==== RECORDED INFORMATION
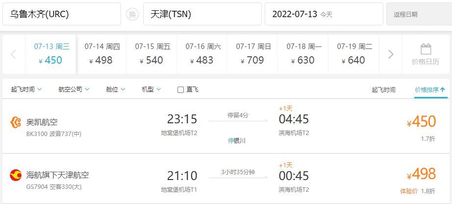 仍以乌鲁木齐为例,虽然它现在返回各大城市的机票特别贵,但是今明两天到天津只需要400多元。价格近三天内“越来越便宜”,说明上座率其实并不高。
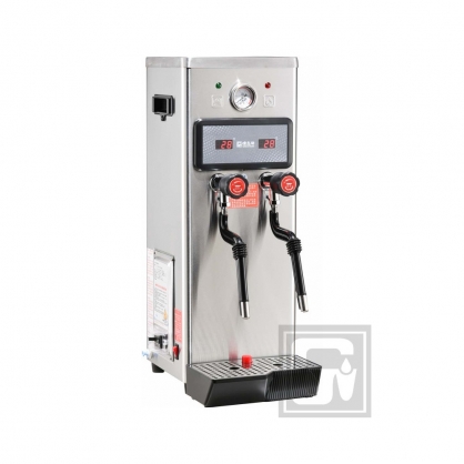 7.整台不銹鋼砂面設計,面板設有壓力錶、進水指示燈 及加熱指示燈、蒸汽龍頭及開水龍頭採 用手握 旋轉式,可控 制蒸汽之大小及開水之出水量方便操作。
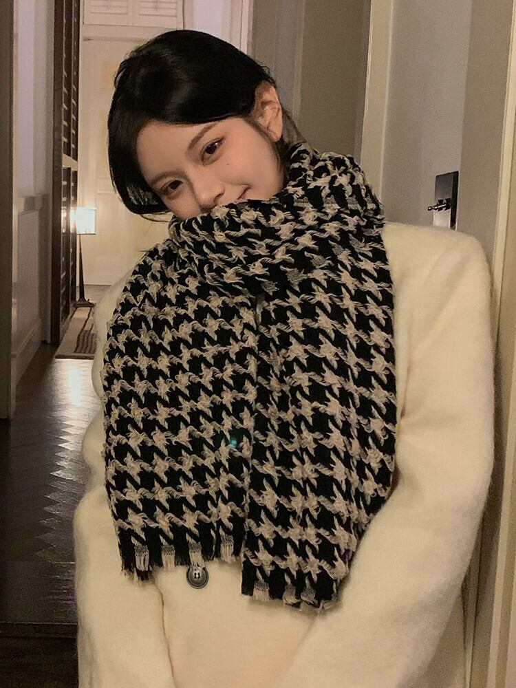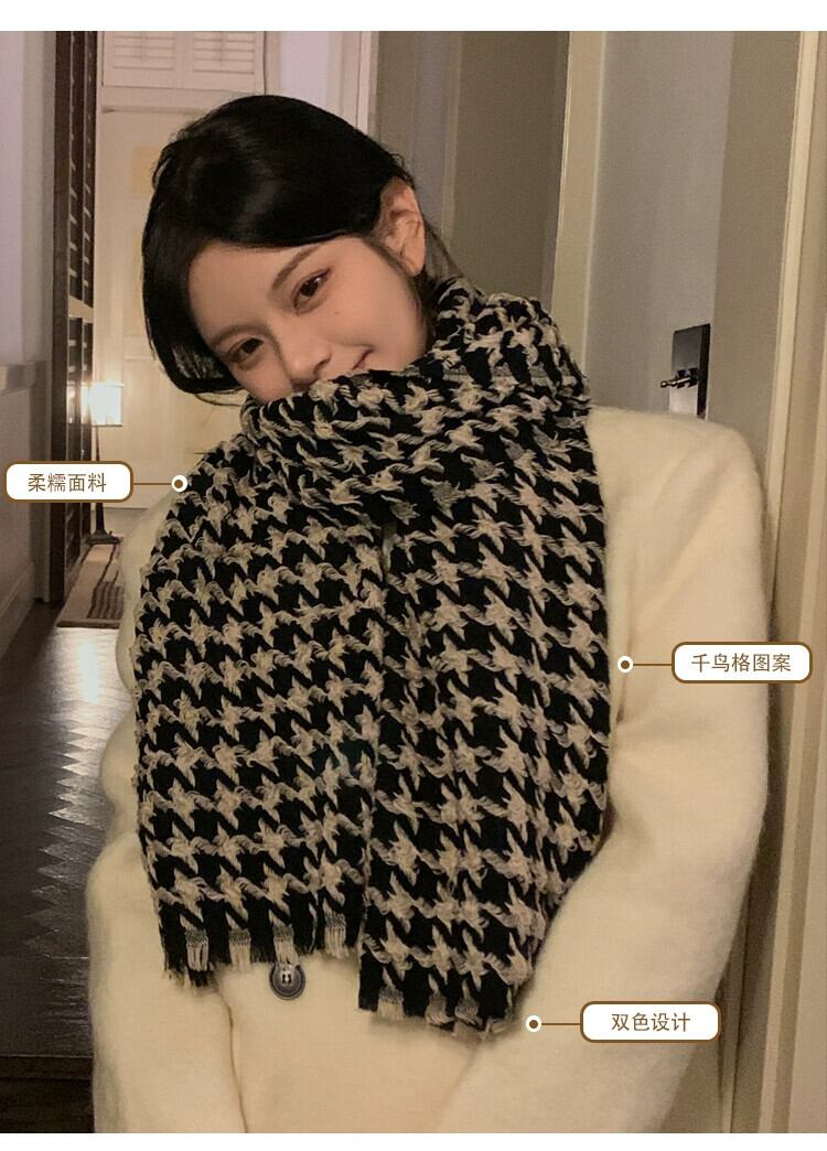手織り千鳥格子スカーフのバージョンの女性冬多用途デュアルユース大型ショール冬のチェック柄暖かいネックスカーフ男性 ウィンター 冬物 15dd63534529592
========
:: WORK ORDER ::
Go through the listing above and retype it exactly, skipping every picture.

:: EXERCISE RESULT ::
 仍以乌鲁木齐为例,虽然它现在返回各大城市的机票特别贵,但是今明两天到天津只需要400多元。价格近三天内“越来越便宜”,说明上座率其实并不高。
 7.整台不銹鋼砂面設計,面板設有壓力錶、進水指示燈 及加熱指示燈、蒸汽龍頭及開水龍頭採 用手握 旋轉式,可控 制蒸汽之大小及開水之出水量方便操作。
手織り千鳥格子スカーフのバージョンの女性冬多用途デュアルユース大型ショール冬のチェック柄暖かいネックスカーフ男性 ウィンター 冬物 15dd63534529592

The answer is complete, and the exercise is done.